L'editoriale dell'elefantino
La festa dell'unità dei fasci democratici
Dal Partito comunista a Fratelli d'Italia. Una storia infinita e uno spirito di partito che sopravvive
Il partito che aspira alla totalità e alla prefigurazione adora le feste di popolo. Ne ho costruite tante, quando ero comunista. Stand, libri, sport, amorazzi, dibbbattiti a schiovere, ma anche ciondoli, artisti a spasso, disegni di Guttuso abbozzati sulle tovaglie, concerti, bandiere di pace e inni di guerra, ci sono mancati solo gli armocromisti. Poi, passato dalla parte opposta, da anticomunista fui invitato a una festa a Bologna, mi pare, e dovettero intervenire i carabinieri perché non era gradita la mia parlanza paradossalberlusconiana, ma non poi tanto, invero un cincinin provocatoria.
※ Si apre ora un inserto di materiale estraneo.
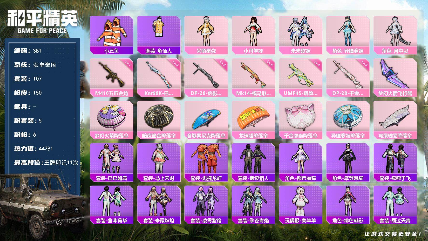 安卓 手Q-4粉装-6特效枪-0载具-1粉色飞行器-39280热力值-6王牌印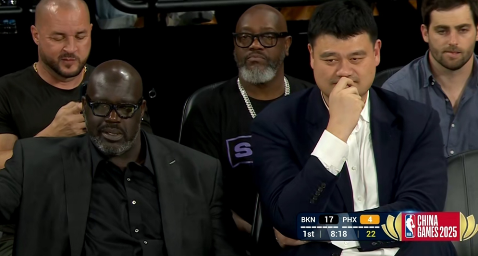 姚明与奥尼尔到场观战,“姚鲨组合”坐在一起,瞬间引发球迷的回忆杀。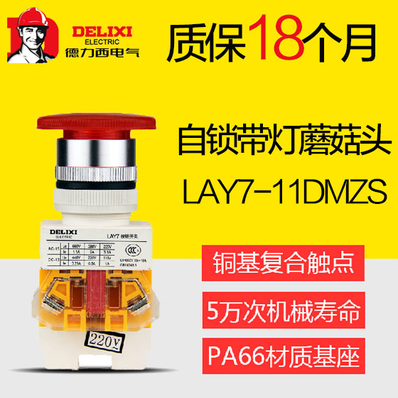 定制 德力西帶燈急停按鈕開關(guān) LAY7-11DMZS 蘑菇頭帶燈帶自鎖急??刂瓢粹o 開孔22MM 訂單產(chǎn)品 |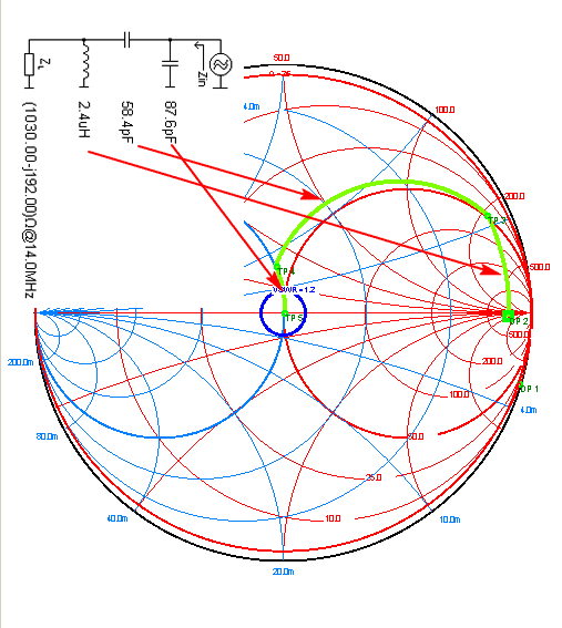 = 0.8 mikroH, vše zobrazují zelené kružnice, L2 končí ve středu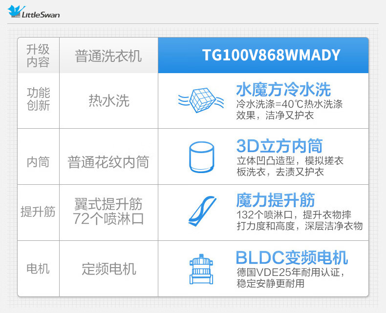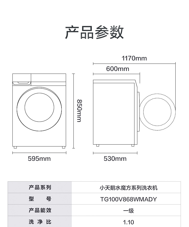 小天鹅(LittleSwan)10公斤滚筒洗衣全自动 水魔方洗衣冷水洗防缠绕一级能效 TG100V868WMADY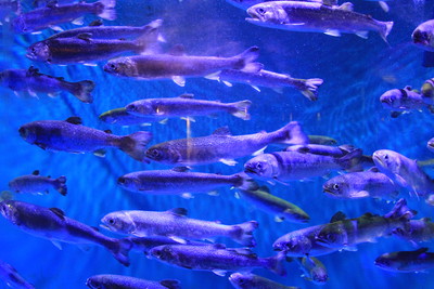 左はギンザケの水槽。ギンザケは日本の川には遡上しないんだって。成長が早く、脂が乗りやすいので二本でも養殖が盛んにおこなわれていて、日本でもよく食べられる鮭だそう。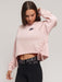 NK Terry Fleece Raglan Sleeve Crop Lace Up Sweatshirt For Women-Light Pink-BR133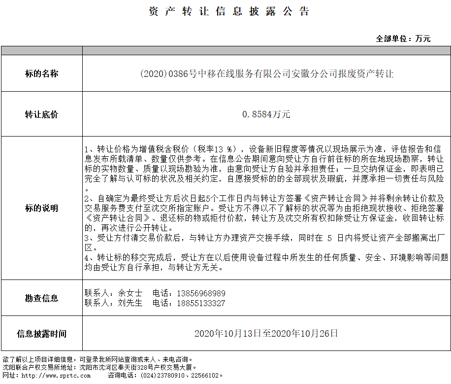 中移在線服務(wù)有限公司安徽分公司報廢資產(chǎn)轉(zhuǎn)讓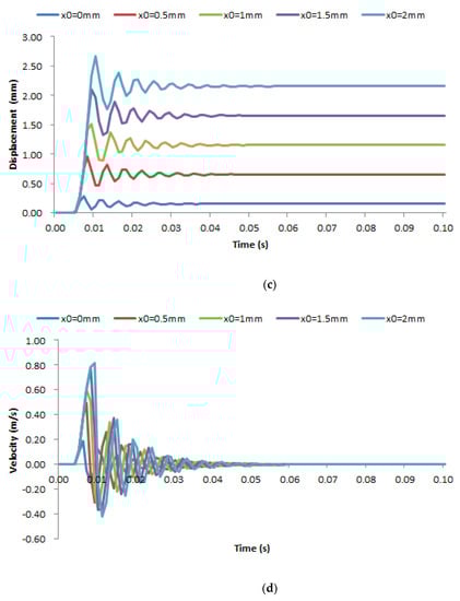 The displacement response characteristics with a spring stiffness of 1 N/mm~50 N/mm are shown in Figure 13c. The displacement before 0.004 s is 0 mm, and the maximum displacement overshoot is reached at 0.007 s. The displacement corresponding to different spring stiffness values oscillates and the oscillation frequency is about 250 Hz. After a certain oscillation, the displacement will eventually reach the stable value. The displacement stability values corresponding to a spring stiffness of 1 N/mm, 10 N/mm, 20 N/mm, 30 N/mm and 50 N/mm are 0.156 mm, 0.155 mm, 0.153 mm, 0.152 mm and 0.149 mm, respectively, and the corresponding maximum displacement overshoots are 0.125 mm, 0.114 mm, 0.103 mm, 0.093 mm and 0.076 mm, respectively. When the spring stiffness is 1 N/mm, the number of oscillations is the maximum and the time to reach the stable displacement value is the longest. When the spring stiffness is 50 N/mm, the number of oscillations to reach the stable displacement value is the lowest and the time required is the shortest.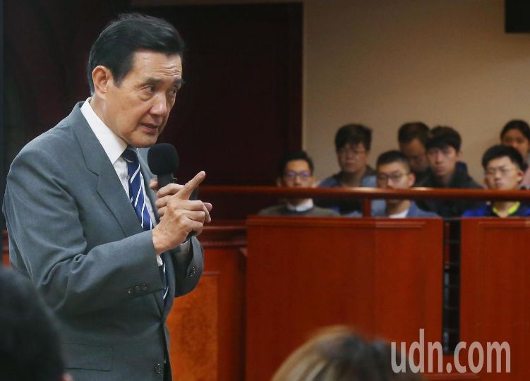 马英九(左)上午在东吴大学演讲,现场有大陆生与本地生一起听讲。来源:“联合新闻网”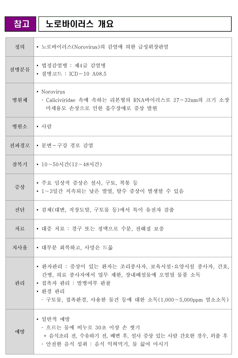 윤건묵 보건연구부장은 “노로바이러스는 적은 양으로도 사람 간에 감염이 되기 때문에 음식 섭취뿐만 아니라 감염 환자와의 접촉을 피하고, 손 씻기 등 개인위생 관리에 철저를 기해야 한다.”며, “면역력을 유지하는 기간도 짧아 과거에 걸렸던 사람도 재감염이 가능하므로 개인·식품 위생관리에 각별한 주의가 필요하다.”고 말했다.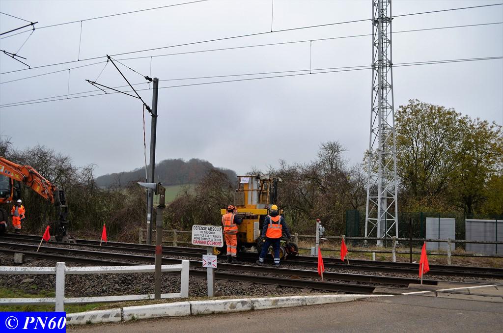 Le 16 novembre 2017, j'ai effectué plusieurs photos du train de dégarnissage COLAS RAIL RM 900-HD 100 AHM, qui fonctionnait entre les PN 59 d'Hacourt et PN 60 de Brainville sur Meuse.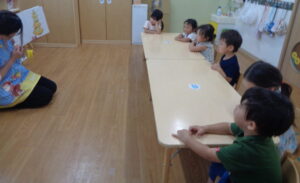 今日のめろん組さんは栄養士さんから食育指導を受けました。「好き嫌いしないでたべる」、「いただきますのお約束」のお話を聞きました。絵本を読んでもらい、「たまねぎ~」「みかんだ~」「パンケーキだ~」と興奮気味の子どもたちでした。お話しを上手に聞けるようになっていますよ。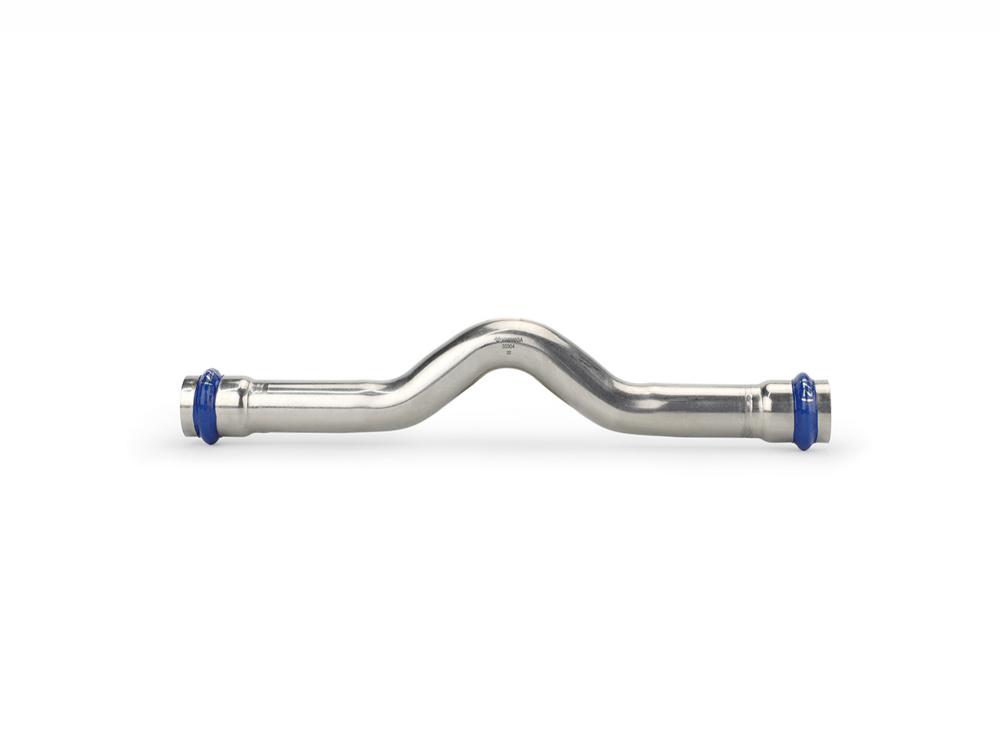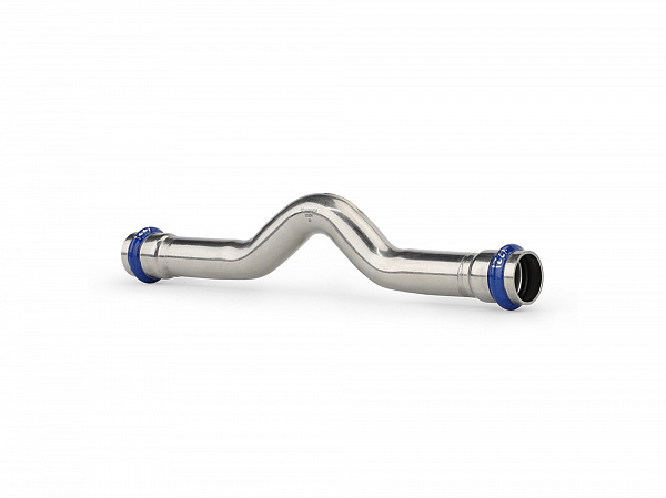 Обвод двухраструбный Varmega Inox Press равносторонний, используется для обхода препятствий или изменения направления линии трубопровода при прокладке инженерных коммуникаций. Для получения надежного неразъемного соединения трубы и фитинга потребуется специальный пресс-инструмент с насадками типа профиль «V».

Gian Carlo Pajetta una volta mi disse che un compagno gli aveva indicato una Festa dell’Avanti!, il quotidiano dei socialisti, aggiungendo: è la Festa dell’Unità dell’Avanti! Oggi è la volta di Atreju, la Festa dell’Unità dei fasci democratici.
Tutto uguale. L’ansia di totalità e prefigurazione produce una storia infinita, lo spirito di partito sopravvive, ma non in quelli che vanno alla mostra su Berlinguer a Testaccio, encomiabile iniziativa rétro del leggendario Sposetti, piuttosto nel magnifico e postmoderno venditore di almanacchi Donzelli, animatore e costruttore del teatrino della premier e Madonna della destra di governo, la ex Ducia vocale, la presidentessa quasi impeccabile, l’europeista, l’atlantista romanesca eccetera, che chiuderà i lavori dinanzi a grande folla nei giardini di Castel Sant’Angelo, lavando nel sangue oratorio l’offesa per il diniego di ospitalità di Elly Schlein (errore blu).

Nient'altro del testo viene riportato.